Comment 18 Erik Zscheile 2017-12-10 18:12:40 UTC
glusterfs version 3.13.0 from the tree works.
Comment 19 James Le Cuirot 2018-01-25 22:54:16 UTC
It looks like this will get fixed properly in the next release.
Comment 20 manwe 2018-02-28 21:50:02 UTC
I have to put my 5 cents against +libtirpc USE flag that enables --with-ipv6-default. It should be named ipv6 or (ipv6-default that depends on ipv6). My system has ipv4 only (no support in kernel for v6, USE="-ipv6" in make.conf). Today I've upgraded gluster from 3.12.x to 3.13.0 and it stopped working with: [2018-02-28 21:29:05.628887] E [name.c:267:af_inet_client_get_remote_sockaddr] 0-management: DNS resolution failed on host [...host1...] [2018-02-28 21:29:05.629014] E [name.c:267:af_inet_client_get_remote_sockaddr] 0-management: DNS resolution failed on host [...host2...] [2018-02-28 21:29:08.629373] E [name.c:267:af_inet_client_get_remote_sockaddr] 0-management: DNS resolution failed on host [...host1...] [2018-02-28 21:29:08.629516] E [name.c:267:af_inet_client_get_remote_sockaddr] 0-management: DNS resolution failed on host [...host2...] [2018-02-28 21:29:11.629874] E [name.c:267:af_inet_client_get_remote_sockaddr] 0-management: DNS resolution failed on host [...host1...] [2018-02-28 21:29:11.630020] E [name.c:267:af_inet_client_get_remote_sockaddr] 0-management: DNS resolution failed on host [...host2...] [2018-02-28 21:29:14.630366] E [name.c:267:af_inet_client_get_remote_sockaddr] 0-management: DNS resolution failed on host [...host1...] [2018-02-28 21:29:14.630514] E [name.c:267:af_inet_client_get_remote_sockaddr] 0-management: DNS resolution failed on host [...host2...] and so on... glusterd didn't start glusterfs and glusterfsd processes. After emerge without libtirpc everything is fine.

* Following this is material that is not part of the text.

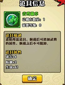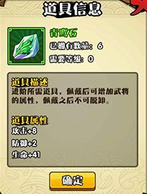 这是进阶所需要的道具之一,佩戴后可以显著增加武将的属性,佩戴后不能脱卸。青鸾石可以增加人物卡牌8点的攻击力,增加2点的防御力,同时增加40点以上的生命力。

Comment 21 James Le Cuirot 2018-02-28 22:01:56 UTC
(In reply to manwe from comment #20) > I have to put my 5 cents against +libtirpc USE flag that enables > --with-ipv6-default. It should be named ipv6 or (ipv6-default that depends > on ipv6). > > My system has ipv4 only (no support in kernel for v6, USE="-ipv6" in > make.conf). Today I've upgraded gluster from 3.12.x to 3.13.0 and it stopped > working with: > > and so on... glusterd didn't start glusterfs and glusterfsd processes. After > emerge without libtirpc everything is fine. Fair enough but at the same time, that would crash horribly with systems that do enable IPv6. I could try and patch things further but the real fix is just around the corner so let's just sit tight for now. They release often so I expect the next one soon.

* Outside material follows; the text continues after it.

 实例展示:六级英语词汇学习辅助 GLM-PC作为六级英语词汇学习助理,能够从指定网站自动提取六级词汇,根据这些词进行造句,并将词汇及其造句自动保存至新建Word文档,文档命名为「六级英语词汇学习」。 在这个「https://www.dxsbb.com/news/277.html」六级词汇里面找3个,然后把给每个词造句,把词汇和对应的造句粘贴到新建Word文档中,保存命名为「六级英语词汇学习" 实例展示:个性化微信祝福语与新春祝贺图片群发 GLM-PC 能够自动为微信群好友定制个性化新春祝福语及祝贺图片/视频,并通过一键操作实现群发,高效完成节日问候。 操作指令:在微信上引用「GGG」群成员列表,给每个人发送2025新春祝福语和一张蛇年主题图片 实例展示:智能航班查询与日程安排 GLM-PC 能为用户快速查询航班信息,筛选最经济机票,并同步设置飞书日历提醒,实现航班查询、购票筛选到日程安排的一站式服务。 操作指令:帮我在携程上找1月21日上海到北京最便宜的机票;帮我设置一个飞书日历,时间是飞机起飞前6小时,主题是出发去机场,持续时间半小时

Comment 22 manwe 2018-03-01 09:33:45 UTC
OK, so let's keep it turned on by default, but change the name from libtirpc that sais nothing, to something like ipv6-default. This way people like me, without ipv6, can spot it during -uDN @world and disable.
Comment 23 James Le Cuirot 2018-03-08 23:07:56 UTC
4.0.0 has just been released and that should deal with all the libtirpc issues properly so I've pushed it up. I'll close this when it goes stable.

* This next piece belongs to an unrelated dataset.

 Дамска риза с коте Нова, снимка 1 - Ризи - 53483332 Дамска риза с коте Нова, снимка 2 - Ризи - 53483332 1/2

Comment 24 James Le Cuirot 2018-03-08 23:29:04 UTC
I suddenly remembered I needed to add an ipv6 USE flag to control --with-ipv6-default but when I tried it, I found that configure.ac has mixed the clauses up: AC_ARG_WITH([ipv6-default], AC_HELP_STRING([--with-ipv6-default], [Set IPv6 as default.]), [with_ipv6_default=$with_libtirpc], [with_ipv6_default=no]) This should probably be: AC_ARG_WITH([ipv6-default], AC_HELP_STRING([--with-ipv6-default], [Set IPv6 as default.]), , [with_ipv6_default=$with_libtirpc]) I'll ask upstream tomorrow.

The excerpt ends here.